Benign ovarian cysts
A few reports have suggested an inverse association between benign ovarian cyst and breast cancer risk [51–53]. The mechanism is unknown, but there is an evidence of decreased breast cancer risk associated with oophorectomy for ovarian cysts [54, 55].
Environmental tobacco smoke
The California Environmental Protection Agency reviewed the association between exposure to environmental tobacco smoke and breast cancer in 2007. This meta-analysis gave a RR (95 % CI) of 1.68 (1.31–2.15) for passive smoking compared to non-passive smoking in premenopausal women who were non-smokers. This result indicates a causal relationship between passive smoking and breast cancer risk in premenopausal women [56]. A meta-analysis of 25 publications up to 2008 gave RRs (95 % CI) for passive smoking compared to non-passive smoking of 0.99 (0.93–1.05) in cohort studies and 1.21 (1.11–1.32) in case–control studies [57]. Recall bias in the case–control studies was suggested to have caused the variation in the results with study design [57].
Oral contraceptives
A meta-analysis gave a RR of 1.1–1.2, indicating a slight but significant increase in breast cancer risk [58–60]. Oral contraceptives are usually based on a combination of estrogen and progesterone analogs and have been developed to avoid estrogen-related adverse events without losing the contraception effect. The contents and types of estrogen and progesterone analogs, the ratio of these hormones during the estrous cycle, and the duration of the hormone preparation have changed with age. Thus, it is unclear whether previous results can be applied to current oral contraceptives.
Night shift work
The International Agency for Research on Cancer published a monograph on breast cancer and night shift work in 2010, and classified night shifts into Group 2A (probably carcinogenic to humans). A 2005 meta-analysis of the association between night shift work and breast cancer gave a RR (95 % CI) of 1.48 (1.36–1.61) for night shift female workers, and night shift work was a significant risk factor [61]. However, this meta-analysis included a lot of studies that did not aim to evaluate the association between night shift work and onset of breast cancer. Recent cohort studies have disagreed about the association between night shift work and breast cancer risk [62, 63].

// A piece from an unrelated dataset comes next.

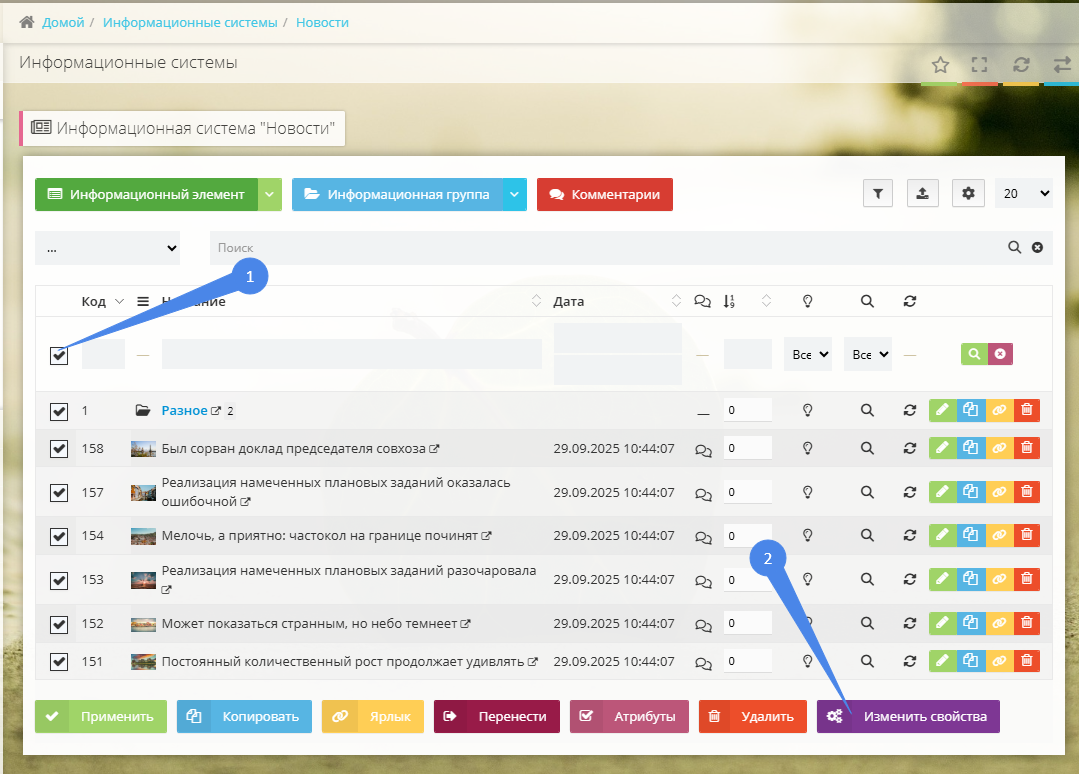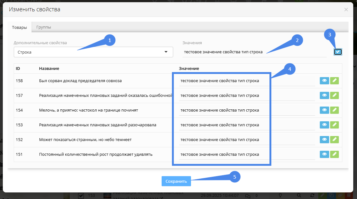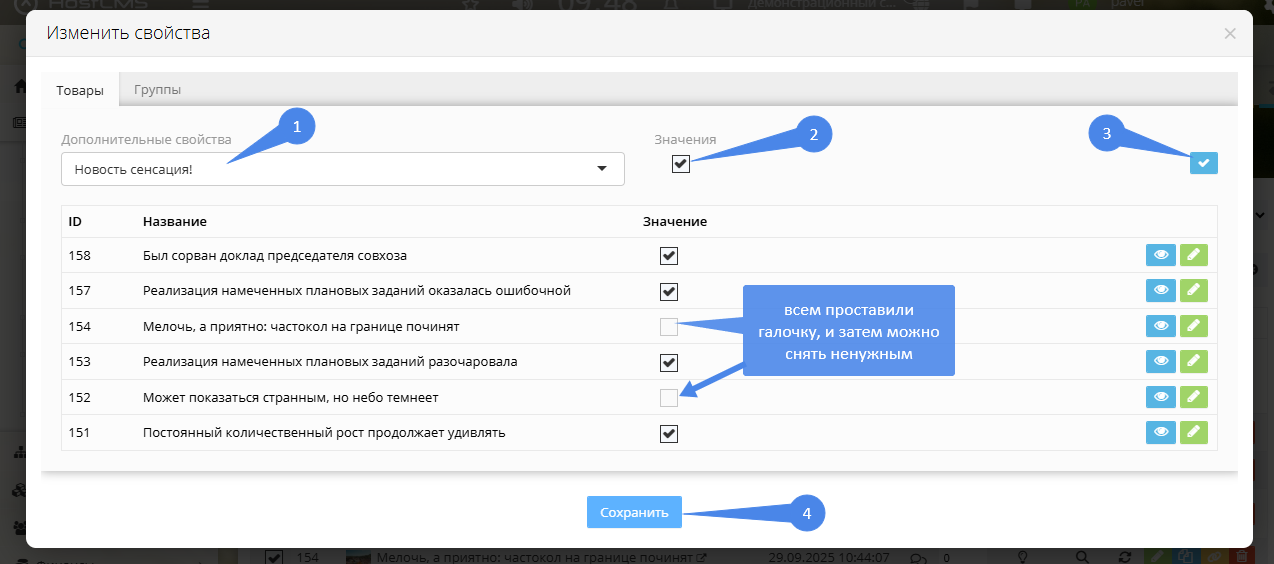 Массовое изменение дополнительных свойств инфосистем

“Limited-no conclusion” factors
A systematic review of the literature indicated unclear causal relationships of breast cancer risk with intake of fat, green tea, folic acid, antioxidants vitamins such as vitamin A, C, and E, multivitamin supplements, and vitamin D; oral administration of statins; infertility treatment; physical activity in premenopausal women; exposure to electromagnetic waves; and psychosocial factors such as life events, stress, and personality traits.

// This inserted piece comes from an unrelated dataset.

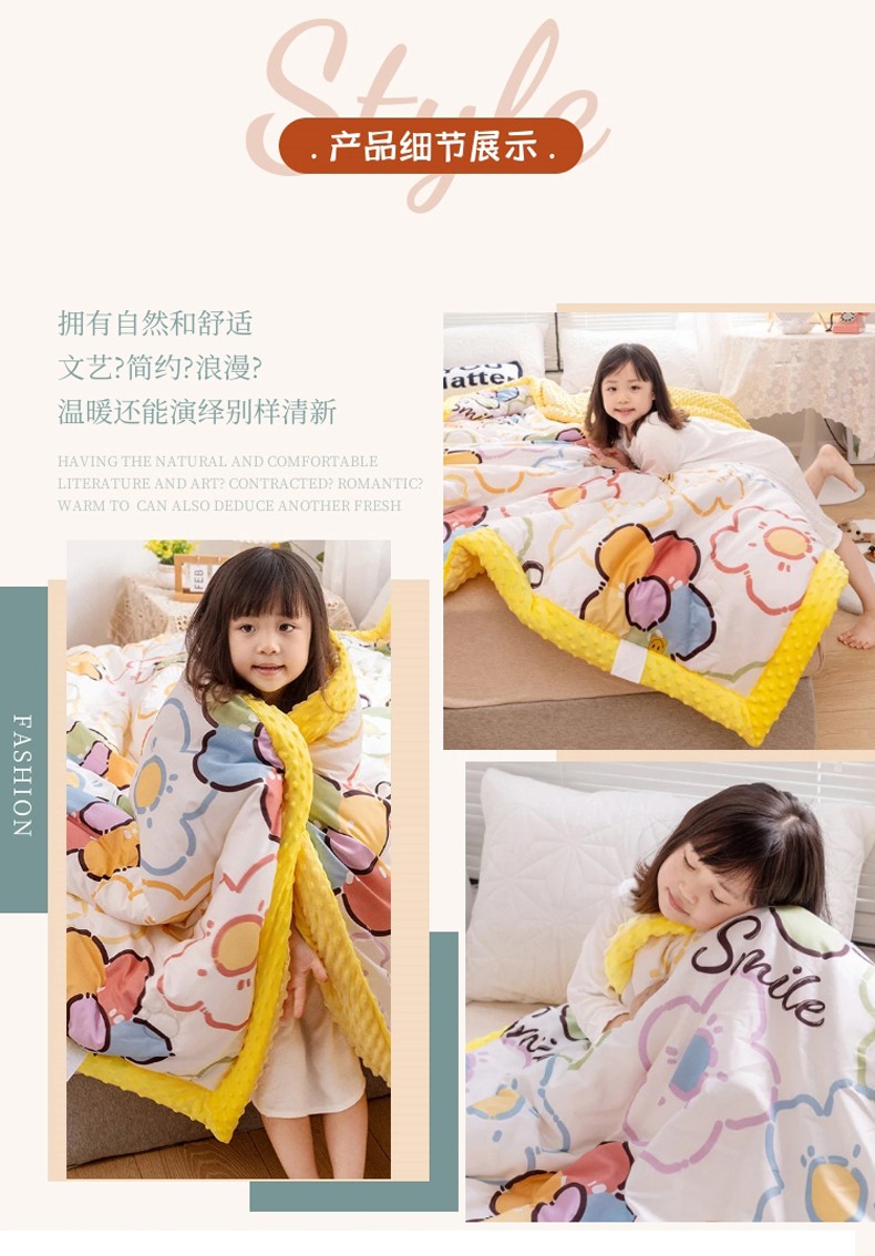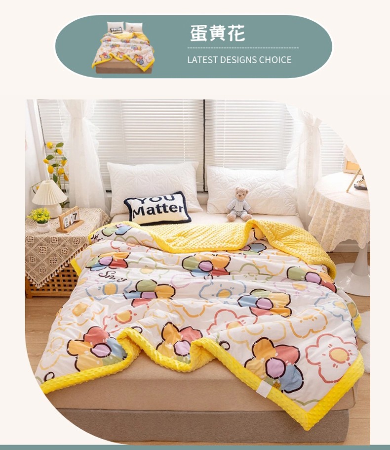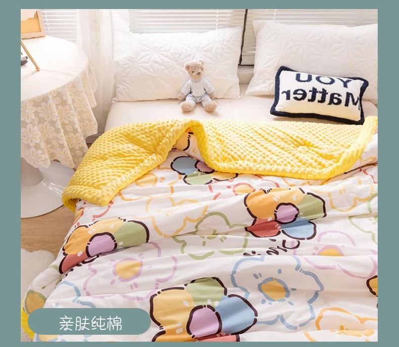 十九色 2024新款双人全棉夹棉安抚豆豆毯豆豆被 蛋黄花

Risk assessment and chemoprevention
Gail model
Gail et al. [64] analyzed breast cancer risk factors by extracting matched pairs of 2,852 white women who developed breast cancer in the Breast Cancer Detection Demonstration Project (BCDDP), which was performed using mammography for breast cancer screening from 1973 to 1980. The results indicated that age at menarche, age at first birth, the number of first-degree relatives with breast cancer, and previous mammary gland biopsies were associated with onset of breast cancer. The Gail model 1 was developed based on age-specific BCDDP data to allow the calculation of future breast cancer probabilities. However, this model was based on data for women undergoing annual mammography for breast cancer, and thus may overestimate the risk of breast cancer in young women who do not receive regular breast cancer screening. Therefore, a modified model, the Gail model 2, was developed using the breast cancer incidence obtained from NCI SEER (Surveillance, Epidemiology, and End Results) data to calculate the risk of invasive breast cancer [65]. The Gail model is based on epidemiologic data in women living in the US, and Asian-Americans including Japanese were considered from 2011. However, the Japanese participants are residents in the US and data for the Japanese population in Japan are not included. Therefore, the Gail model should not be used in Japanese women.
Chemoprevention
Randomized control trials (RCTs) of chemoprevention using endocrine agents have produced findings on efficacy and safety. These RCTs have been performed in women with high breast cancer risk; i.e., women with a 5-year risk of invasive breast cancer of ≥1.66 % in the Gail model and those with a history of lobular carcinoma in situ. In Japan, breast cancer risk assessment has yet to be established and thus the value of preventive effects for inhibition of development of breast cancer is unknown.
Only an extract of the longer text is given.